Mr William Adams analyst of Basemetals.com said that world zinc prices of 77 cents per pound this week are almost 40% lower than the 2008 peak of USD 1.28 reached in early March 2008 and are below marginal productions costs due to huge metal surplus and weak demand in major zinc consuming regions.
Mr Adams expects spot zinc to trade in the short to medium term from the low of 77 cents to a high of 88 cents. Independent nonferrous metals consultant Mr Angus MacMillan is even more bearish, telling clients to expect spot zinc prices to fluctuate in a range of 68 cents per pound and 82 cents.
The Merrill Lynch Global Metals Team this month reduced its 2008 price forecast to 93 cents.

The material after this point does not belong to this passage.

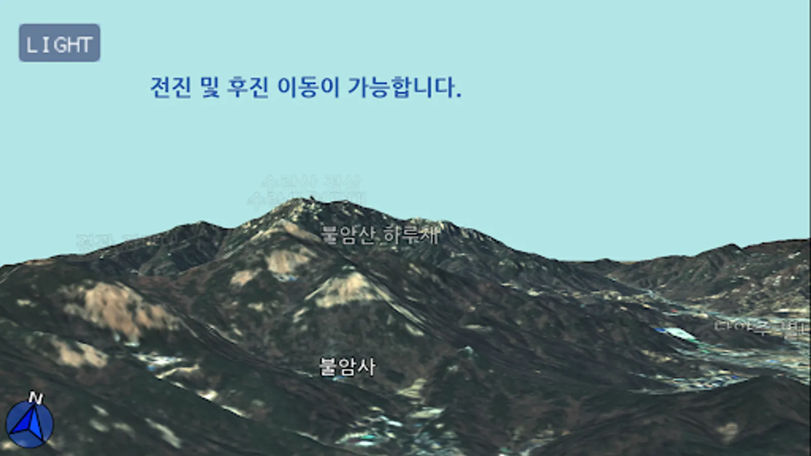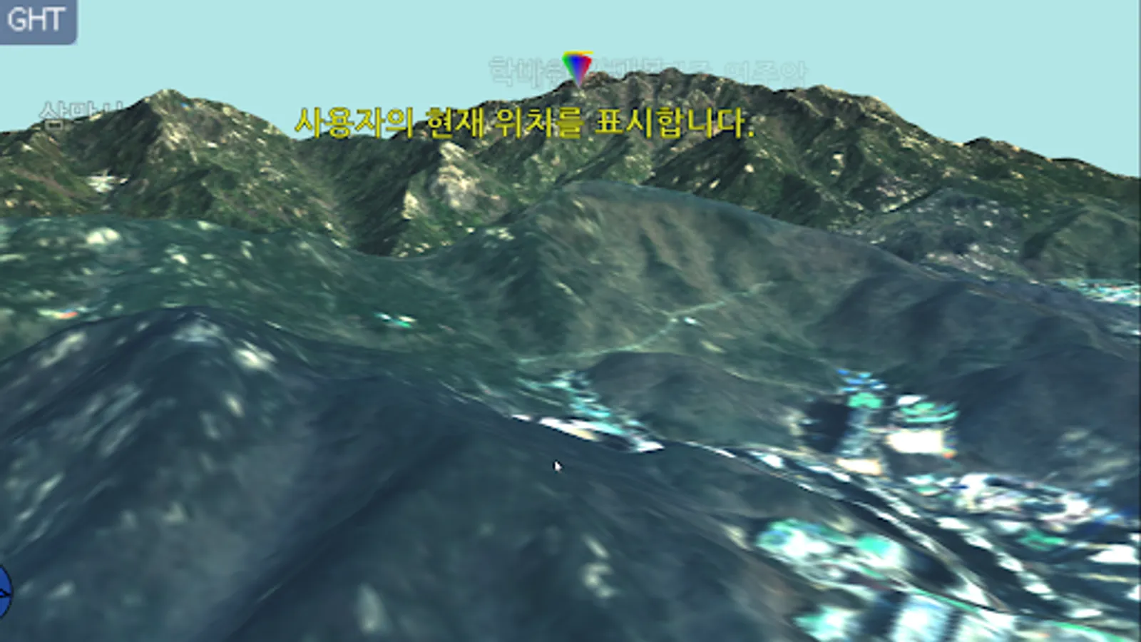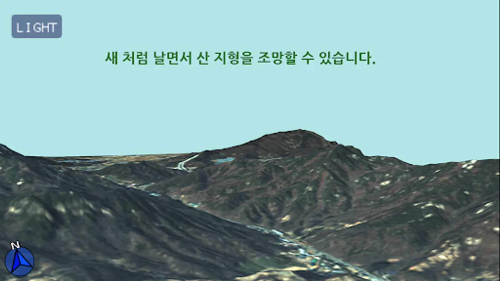 You fly like a bird over the mountain terrain and view it in 3D.

Through August 2008, spot zinc on the London Metal Exchange has averaged 98 cents per pound as compared with USD 1.17 for all of 2007. The Merrill Lynch forecast for 2009 is 90 cents per pound while the consensus outlook of 60 analysts is 86 cents.
Mr David Lipschitz analyst at Merrill Lynch points out that zinc is extremely sensitive to economic downturns since purchasing is 50% to construction, which has entered a phase of low activity, declining in the North America, Europe and non China Asia.
Mr Lipschitz notes that inventories are not at comfortable levels so top producer China's ability to absorb rising domestic output should be keenly watched. He forecasts that the zinc market will remain in surplus, rising to 304,000 tonnes in 2009 from just 45,000 tonnes in 2008.
The analysts say large zinc metal surpluses, lately around 160,000 tonnes and weakened demand across Europe and in non China Asian nations will be price depressants for some time to come.